Now, all three of those countries have passed us. We’re falling behind in providing high-speed access to the Internet, and just as importantly, our high-speed connections are much slower and more expensive than other countries.
How’d this happen? How did the U.S. go from setting the pace to falling far behind? Paul Krugman explains.
[T]he world may look flat once you’re in cyberspace — but to get there you need to go through a narrow passageway, down your phone line or down your TV cable. And if the companies controlling these passageways can behave like the robber barons of yore, levying whatever tolls they like on those who pass by, commerce suffers.
America’s Internet flourished in the dial-up era because federal regulators didn’t let that happen — they forced local phone companies to act as common carriers, allowing competing service providers to use their lines. Clinton administration officials, including Al Gore and Reed Hundt, the chairman of the Federal Communications Commission, tried to ensure that this open competition would continue — but the telecommunications giants sabotaged their efforts, while The Wall Street Journal’s editorial page ridiculed them as people with the minds of French bureaucrats.

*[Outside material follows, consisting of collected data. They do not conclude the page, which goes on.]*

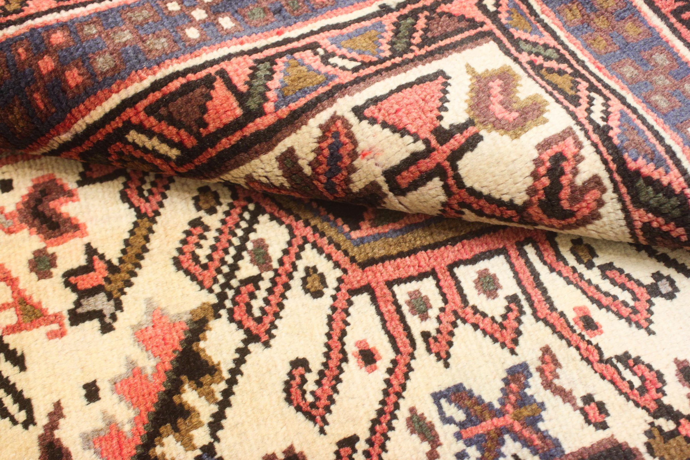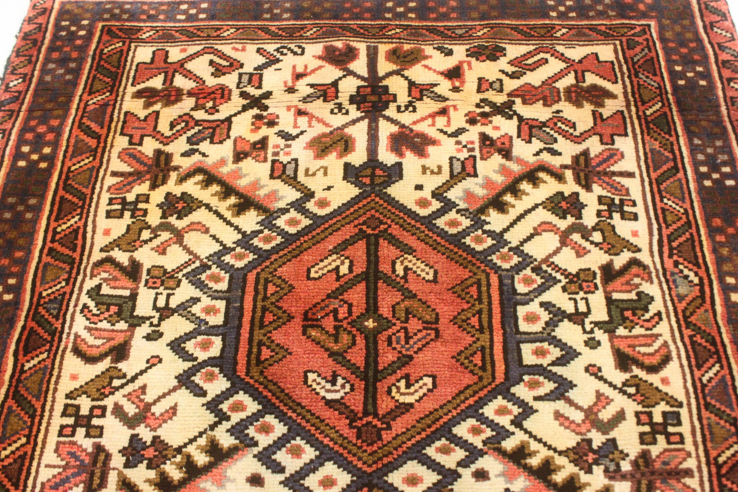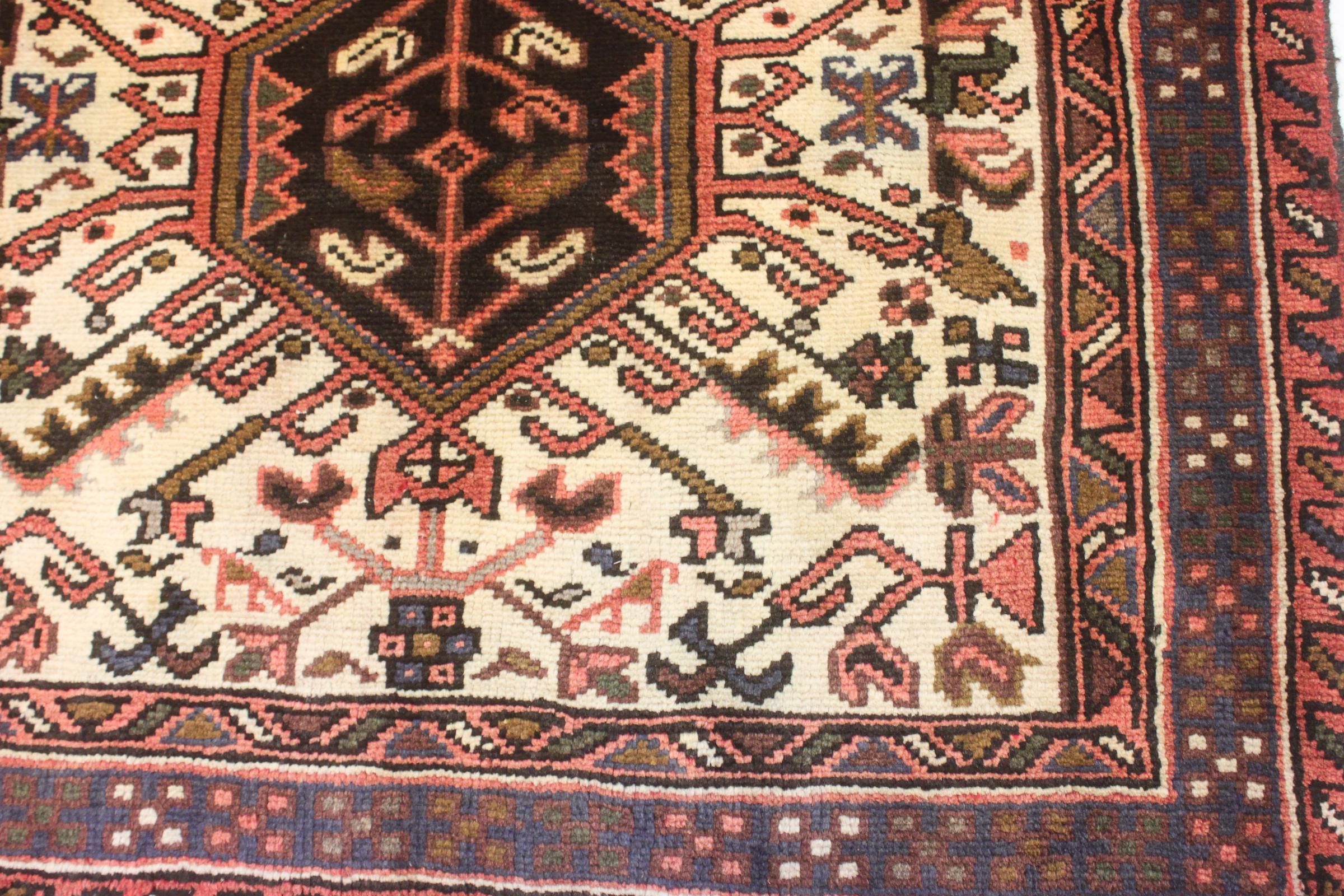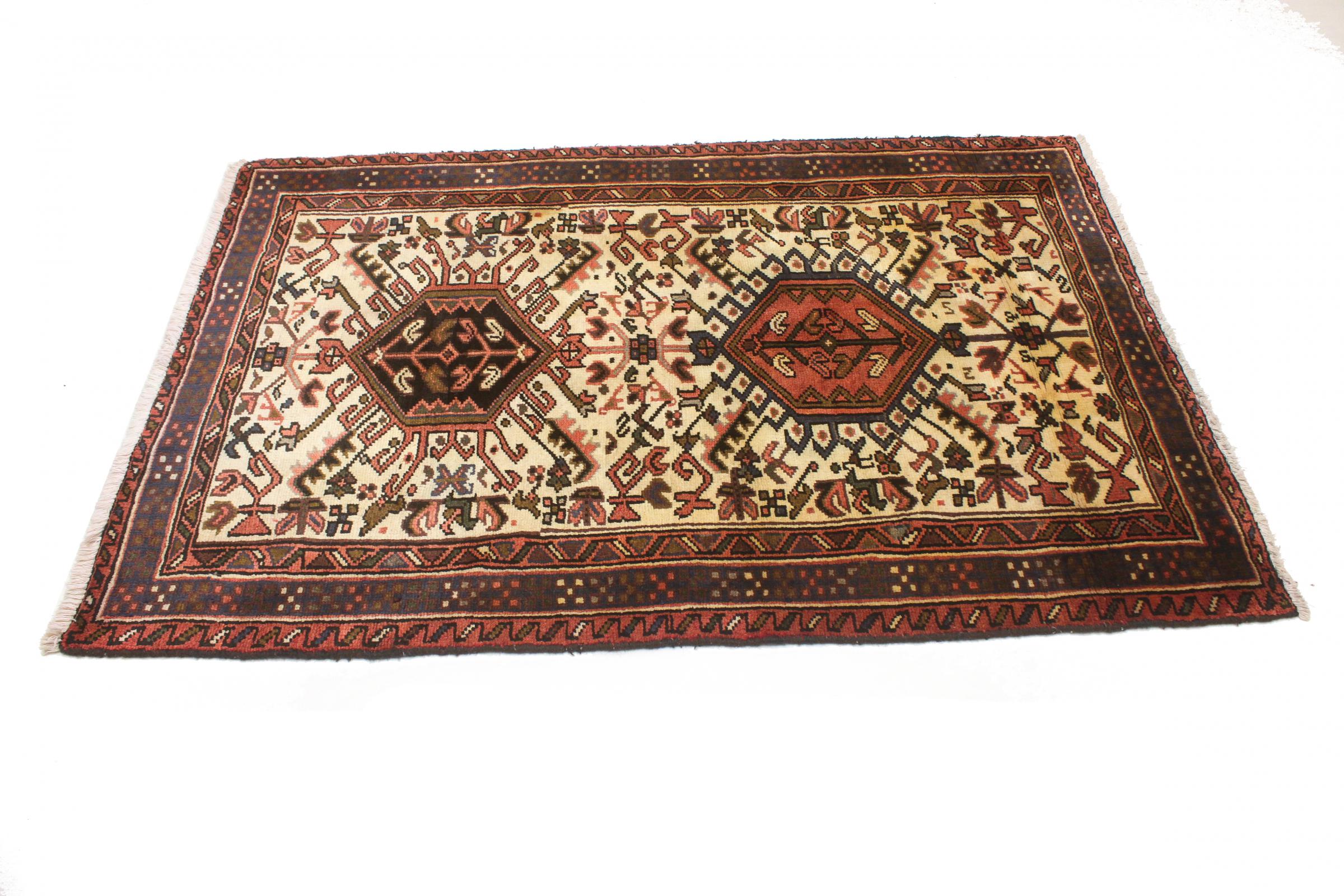 Ce tapis appartient aux tapis de village et de nomade d'Iran, anciennement la Perse. Ce type de tapis est noué à la main dans les petites villes et les villages selon l'ancienne tradition. Même les nomades nouent encore des tapis persans en plein air. Les tapis sont noués sans schéma et entièrement à partir de la tête. Ils se caractérisent par des ornements classiques, qui sont disposés en motifs droits et géométriques. Grâce à leur origine culturelle et traditionnelle, ces tapis ont un caractère unique qui incarne la Perse ancienne.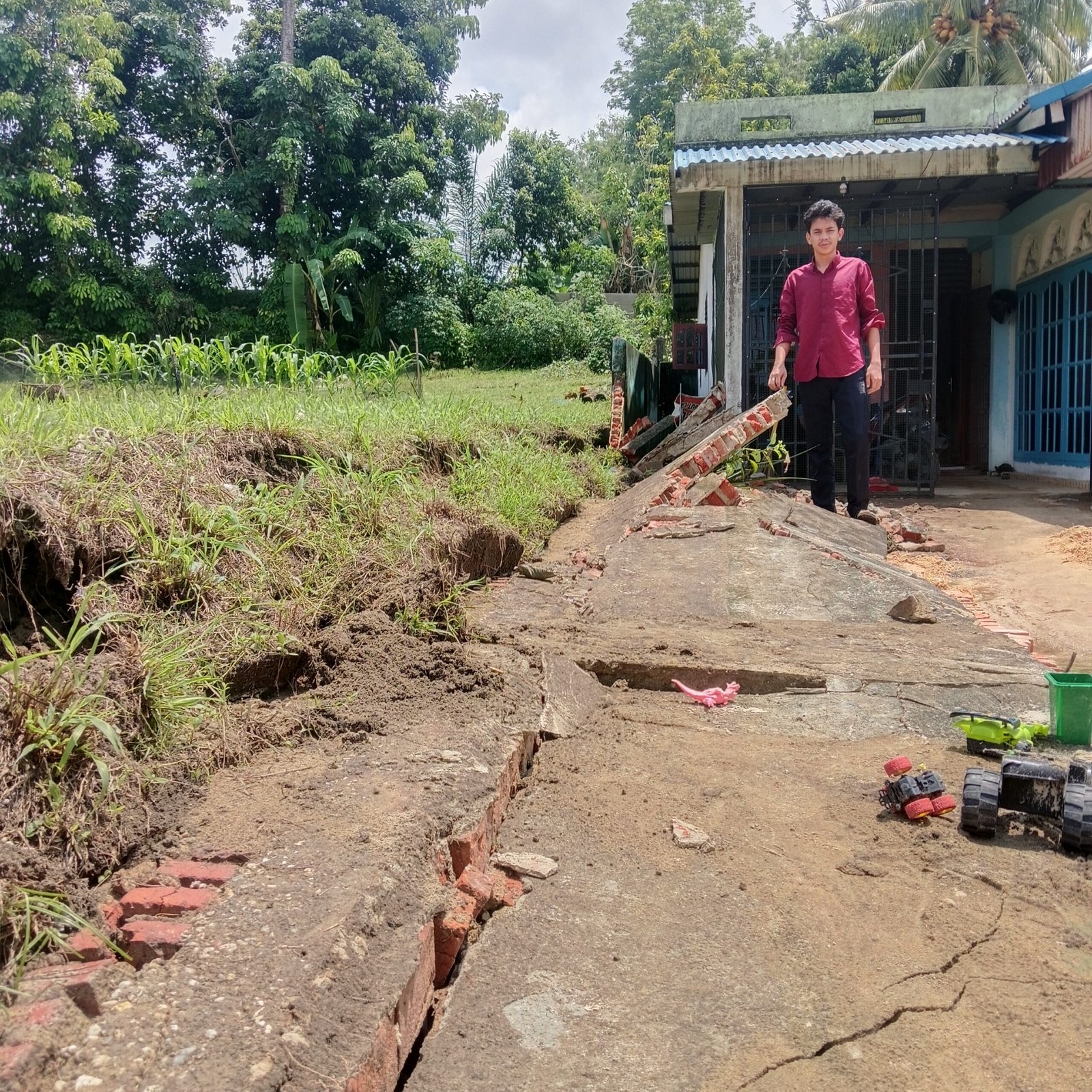 “Karena hari itu (Senin, 20 April 2026) hujan cukup lebat sehingga air yang tergenang di yayasan cukup banyak dan akhirnya melimpah ke bawah langsung menghantam rumah saya sehingga tembok pagar rumah menjadi roboh,” tutur Oloan.
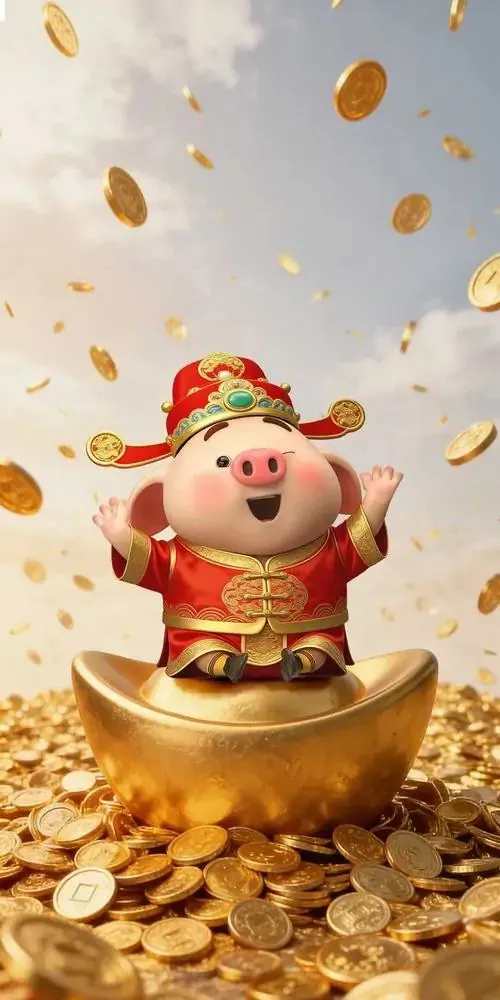 Ảnh bìa may mắn linh vật Hợi ngồi xếp chân trên đài sen vàng, tay cầm đồng tiền cổ và ánh mắt hiền tạo cảm giác bình an, chiêu tài rất hợp làm nền điện thoại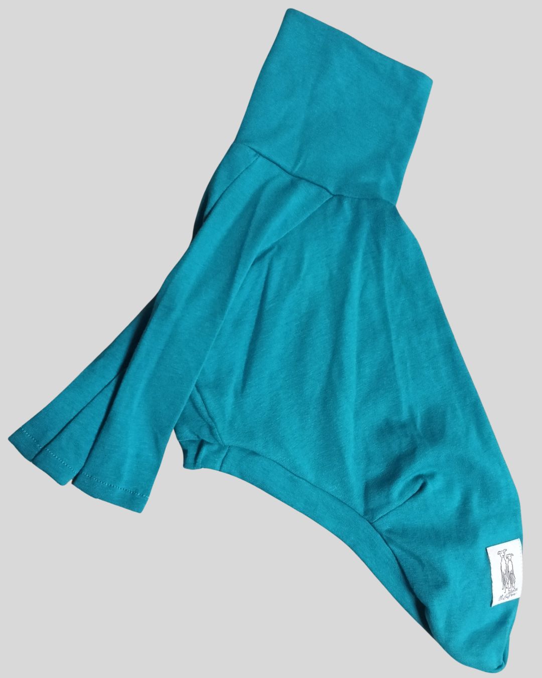 O turquesa é vibrante e luminoso, trazendo energia e modernidade ao visual. Uma cor que destaca ainda mais a silhueta elegante do galgo e cria contraste bonito com diferentes pelagens.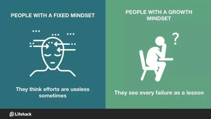 固定思维的人:有时候觉得努力是无用功。 成长思维的人:每次失败都是一堂课。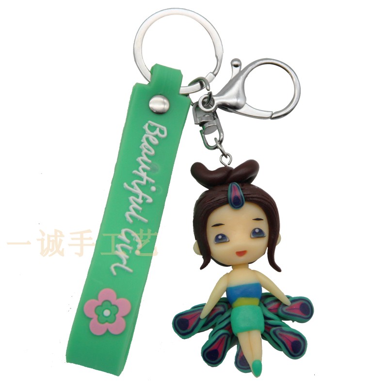 Blue peacock wrist rope New Year cartoon couple pendant mobile phone lanyard pure handmade soft pottery jewelry 2022 batches of fine products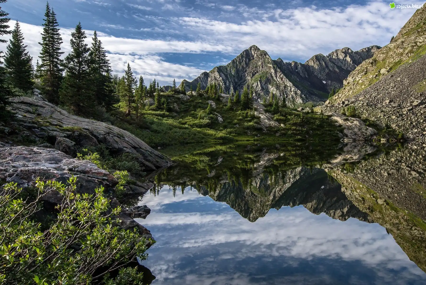 Zdjęcie, Góry, Drzewa, Woda, Niebo, Odbicie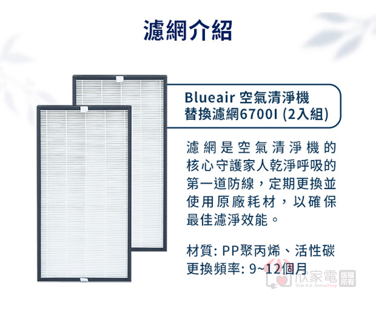 耗材:Blueair 空氣清淨機替換濾網 6700i (一組二入)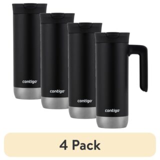 (4 pack) Contigo Huron 2.0 Stainless Steel Travel Mug with SNAPSEAL Lid and Handle in Black, 20 fl oz.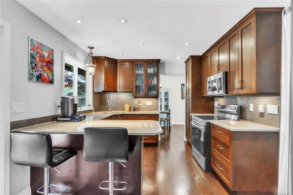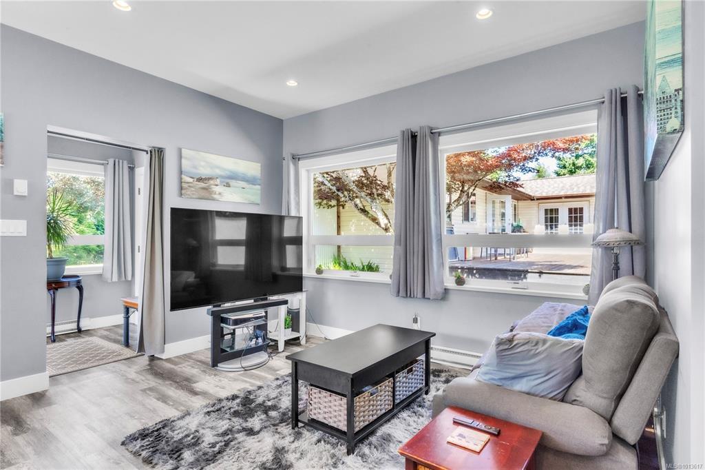 This unique property you’re not going to want to miss! Featuring a 3-bedroom + den, 2 bath main home plus a fully detached 1 bed 1 bath guest house, ideal for extended family or a rental suite. The main home offers a bright living space with rich wood floors and a cozy fireplace, flowing into the dining area and updated kitchen with stone counters, tile backsplash, and s/s appliances. The spacious primary bedroom includes a walk-in closet and 4-piece ensuite. Two additional bedrooms, one with access to a sunny den and French doors to the deck, plus a stylish main bath, laundry room, and large pantry complete the layout. Built in 2021 the guest house features open-concept living/dining, custom cabinetry, s/s appliances, in-suite laundry, its own fenced yard, and separate hydro and water meters. The fenced backyard offers two sheds, while the front includes a single-car garage and carport with a EV charger. All located on a quiet street near parks, the beach, and Sooke’s local amenities.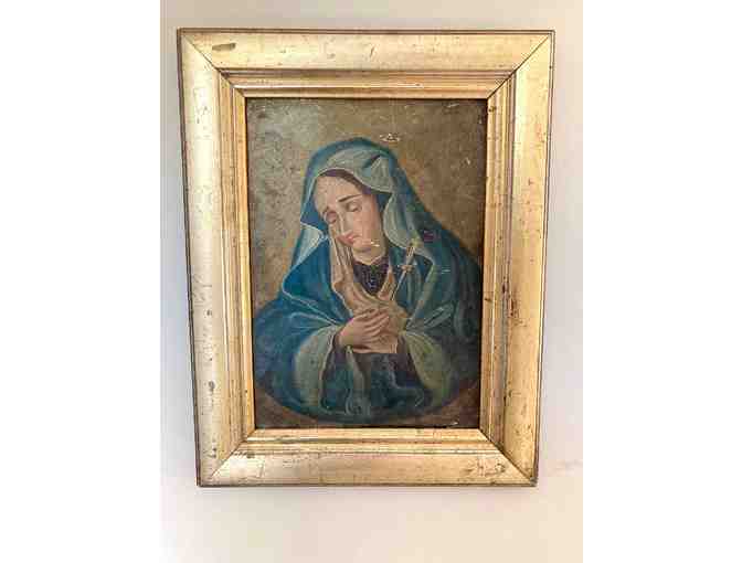 Painting of the Mater Dolorosa. Framed, painted on metal. Probably Hispanic America, 18th to 19th century. 14x18 inches.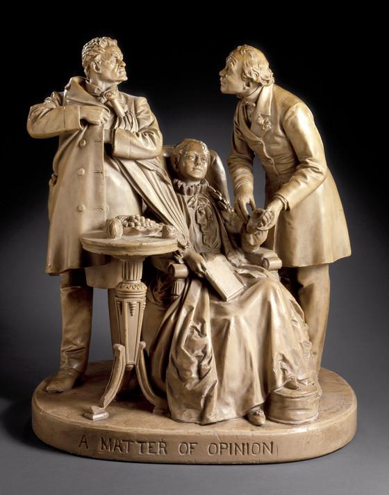 This is one of five sculptures Rogers made of physicians. He began A Matter of Opinion early in 1884, after devoting his time to the equestrian statue of General Reynolds, and finished it by April 23, although he did not issue it for sale until the Christmas season. It was advertised in the Medical Record as suitable for a physician’s office. A Matter of Opinion is a standard Rogers composition: three figures are arranged symmetrically and convey the story through their poses and expressions. The sculptor described his humorous representation as "a consultation of physicians over an invalid lady-which results in an evident disagreement." One physician, taking the woman’s pulse, gives his opinion, while the other, obviously indignant over the diagnosis, reacts by glaring at his opponent and buttoning his coat to leave. Typical of Rogers’s late groupings are the wealth of detailed accessory objects, close placement of the figures, and sense of movement. About sixteen to twenty examples of the work are known (see Wallace, People’s Sculptor, p. 251, for partial listing of collections).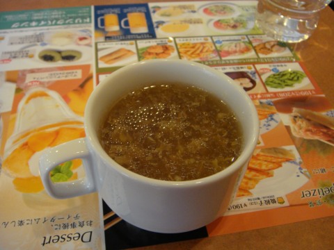 ご飯セットは271円。これにはスープバーがついている。スープバーの場所に行ってみたら、スープは3種類おいてあった。いかにも原価が安そうなスープだ。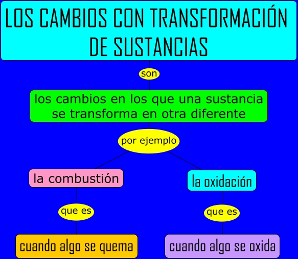 Este Cmap, tiene información relacionada con: Los cambios con transformación de sustancias, la oxidación que es cuando algo se oxida, los cambios en los que una sustancia se transforma en otra diferente por ejemplo la oxidación, los cambios en los que una sustancia se transforma en otra diferente por ejemplo la combustión, LOS CAMBIOS CON TRANSFORMACIÓN DE SUSTANCIAS son los cambios en los que una sustancia se transforma en otra diferente, la combustión que es cuando algo se quema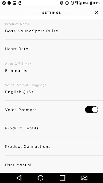 Die Einstellungen sind wenige und können grösstenteils ignoriert werdenUm ehrlich zu sein, habe ich die App genau einmal verwendet: Um die Kopfhörer schnell einem Update zu unterziehen. Denn Bose realisiert, dass Leute vor, während oder nach dem Training keine Lust haben, gross an einem Smartphone rumzudrücken. Daher: Ein Druck auf den rechten Ohrstöpsel und die Frauenstimme sagt bei mir «Connected to V20», wobei V20 als «Vee-Two-Zero» mit leicht fragendem Unterton ausgesprochen wird. V20 wird bei dir wohl ein anderes Phone sein.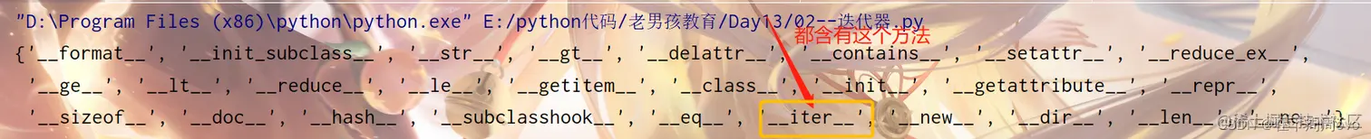 找出这些数据类型的公共内置使用方法发现都有'iter',可得出结论:含有'iter'内置方法的数据是可迭代的(iterable)。

And when the Bush administration put Michael Powell in charge of the F.C.C., the digital robber barons were basically set free to do whatever they liked. As a result, there’s little competition in U.S. broadband — if you’re lucky, you have a choice between the services offered by the local cable monopoly and the local phone monopoly. The price is high and the service is poor, but there’s nowhere else to go.
Effective market competition and effective regulation produced quality results. Then Bush took office.